Surely, this pain was nothing but wounded pride.
‘How dare she hurl such cruel words at me?’
Taking a deep breath, Caesar replied,
“Our engagement ceremony is tomorrow, so she’s likely getting her skin treatment done as we speak.”
“She hardly needs any beautifying. Just imagining her radiant presence is enough to make one’s heart race.”
“You talk too much.”
“…Pardon? Ah, yes. Then, have a pleasant night.”
The manager scurried away, flustered, and Caesar entered his room.
“Damn it!”
The suite was filled with pink roses—the same kind Odette had pinned to his chest.
How utterly infuriating the manager’s lack of awareness was.
He strode over to the liquor cabinet, poured himself a stiff drink, and downed it.
Having consumed nothing but alcohol and water all day, the intoxication hit quickly.
“Haa…”
After gulping down half the bottle in one go, the sharp headache that had been throbbing earlier began to dull.
Lying down on the sofa, he gave a dry chuckle at how slowly time seemed to crawl.
‘Everything’s going my way, so why can’t I calm myself?’
With every breath, it felt like there was a tear in his lungs—each inhale brought a growing, stinging pain.

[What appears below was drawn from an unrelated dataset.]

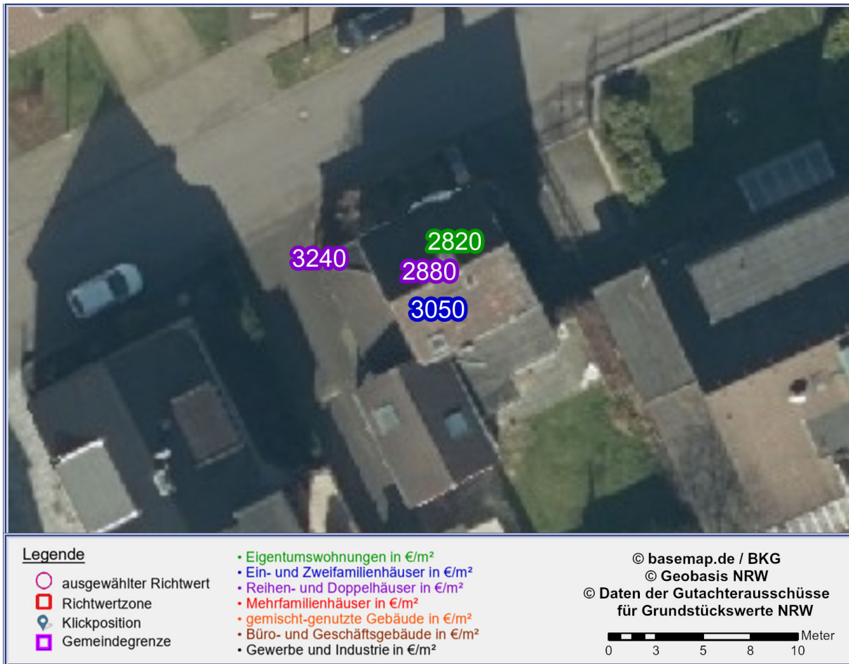
Abbildung 1: Detailkarte gemäß gewählter Ansicht

“I… enjoyed myself because of you.”
The words slipped out unintentionally in a quiet murmur.
His colorless life had suddenly been touched by something new—an unknown hue that fell upon it with a quiet thud.
When he reached out, her soft blonde hair would wrap around his fingers. A single word from him would bring a glimmer of moisture to her green eyes.
He had only kissed her to absorb her divine power, yet her cheeks had flushed red like ripened fruit and pressed against the tip of his nose.
‘You were precious to me.’
The words he couldn’t say aloud echoed in his heart, making it ache with a sharp pang.
At some point, a sheen of tears welled up in Caesar’s eyes.